Connection Patterns Profile D
“Cherishing Deeply”
Your Connection Pattern D: Cherishing Deeply
If your quiz results showed Cherishing Deeply as your primary pattern, you already know how to see people’s essence, hold space for others, and create conditions where people feel valued.
This is a profound gift to offer to others - and to yourself.
But here’s what often comes with that gift: burnout, exhaustion, and feeling taken for granted.
You give and give - because you genuinely care, because you see people’s potential, because you believe in the power of connection. And sometimes you wake up empty, resentful, or wondering why no one cherishes you the way you cherish them.
Your capacity to sustain deep connection isn’t the problem.
The problem is when you give more than you receive, say yes when you mean no, and forget that you deserve cherishing too.
-----
What This Pattern Looks Like
You might recognize yourself in these experiences:
- You naturally see past people’s defenses to their essence
- You create spaces where others feel safe, valued, and understood
- People come to you with their problems, their pain, their needs
- You often put others’ needs ahead of your own (and feel guilty when you don’t)
- You feel energized by helping others flourish - until you don’t, and then you crash
- You’ve been called “caring,” “generous,” “always there” - but also maybe “too much” or “too sensitive”
Here’s the truth: Your ability to cherish deeply is beautiful and rare.
But when you cherish everyone except yourself, when you give without receiving, when you can’t say no without guilt - that’s when the gift becomes a wound.
-----
What Gets in the Way
When cherishing deeply becomes depleting, these patterns often show up:
Giving without boundaries: Saying yes when you’re already overextended because you can’t stand disappointing people
Carrying others’ emotions: Feeling responsible for everyone’s happiness, healing, or growth
Resentment building: Giving generously, then feeling upset that no one gives back
Burnout that looks like apathy: You may feel like you’ve stopped caring about anything because caring has cost you too much
Martyrdom messaging: “No one appreciates me,” “I do everything,” “I’m always the one who . . .”
The paradox: The more you give without boundaries, the less sustainable your cherishing becomes - and eventually, you have nothing left to give.
-----
A Story: Alex’s Awakening
Alex was the person everyone called when things got hard.
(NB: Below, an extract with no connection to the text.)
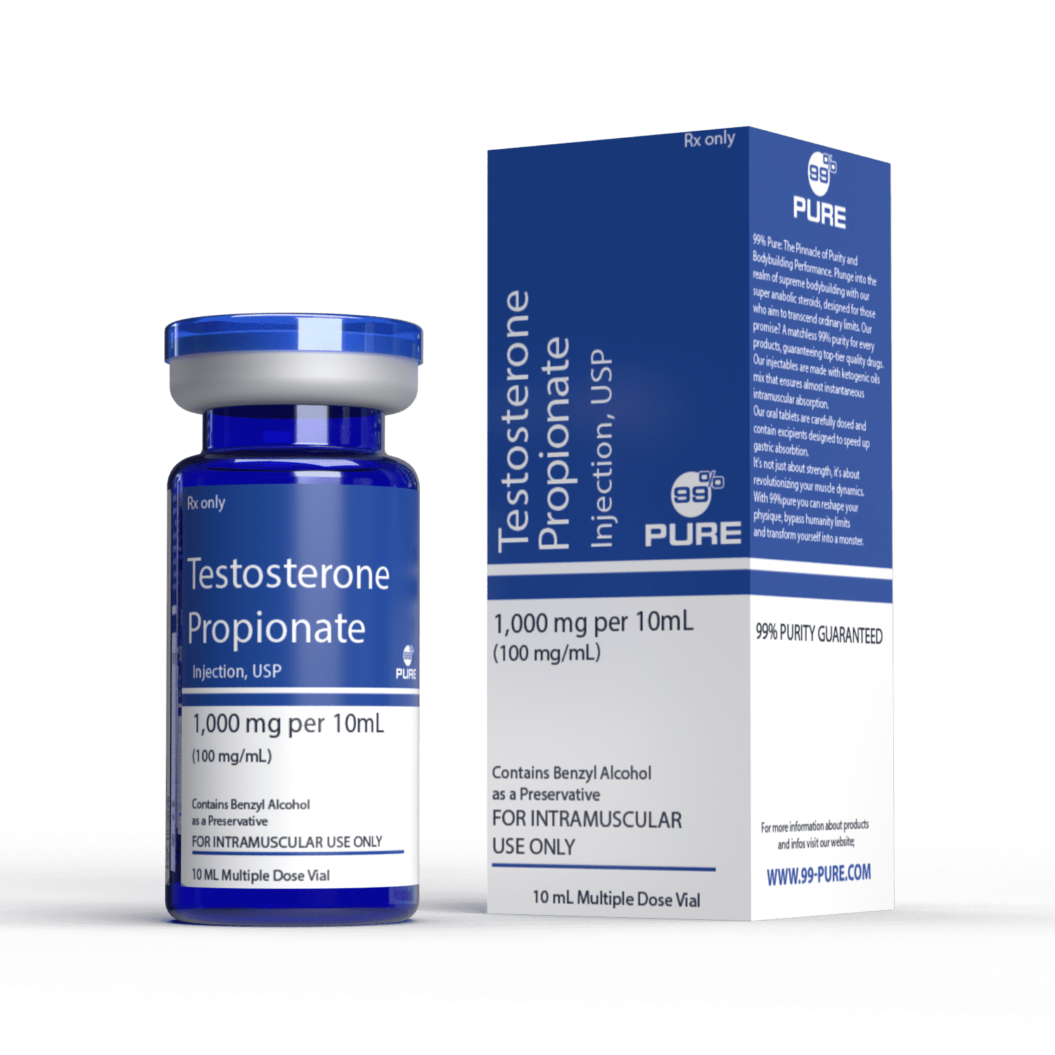 Testosterone Propionate, fast-acting androgen. Used to stimulate quick gains in muscle mass and strength, often used in bulking cycles.

Relationship problems? Call Alex. Career crisis? Alex will listen. Family drama? Alex always had time.
Alex loved being that person. It felt good to be needed, to make a difference, to see people’s faces light up when they felt truly heard.
But slowly, something shifted.
Alex started dreading the phone ringing. Started feeling resentful when friends only reached out when they needed something. Started noticing that when Alex had a hard day, there was . . . no one to call.
One night, after a particularly draining conversation during lunch at work, Alex’s lunch friend said gently:
“You’re amazing at taking care of everyone else. But who’s taking care of you?”
Alex started to answer - then realized: I don’t even know what I need right now. I’ve been so focused on everyone else.
That was the beginning.
Alex started with easier actions: saying no to one thing. Asking for help with something tiny. Letting someone else solve their own problem instead of jumping in.
It felt terrible at first. Selfish. Wrong. Like abandoning people. Would they still like me?
But slowly, Alex noticed: people didn’t fall apart. There were other people they could turn to. They figured things out. Some even stepped up to support Alex at times.
Alex is still learning to receive without guilt, to set boundaries without apologizing, to cherish themselves as generously as they cherish others.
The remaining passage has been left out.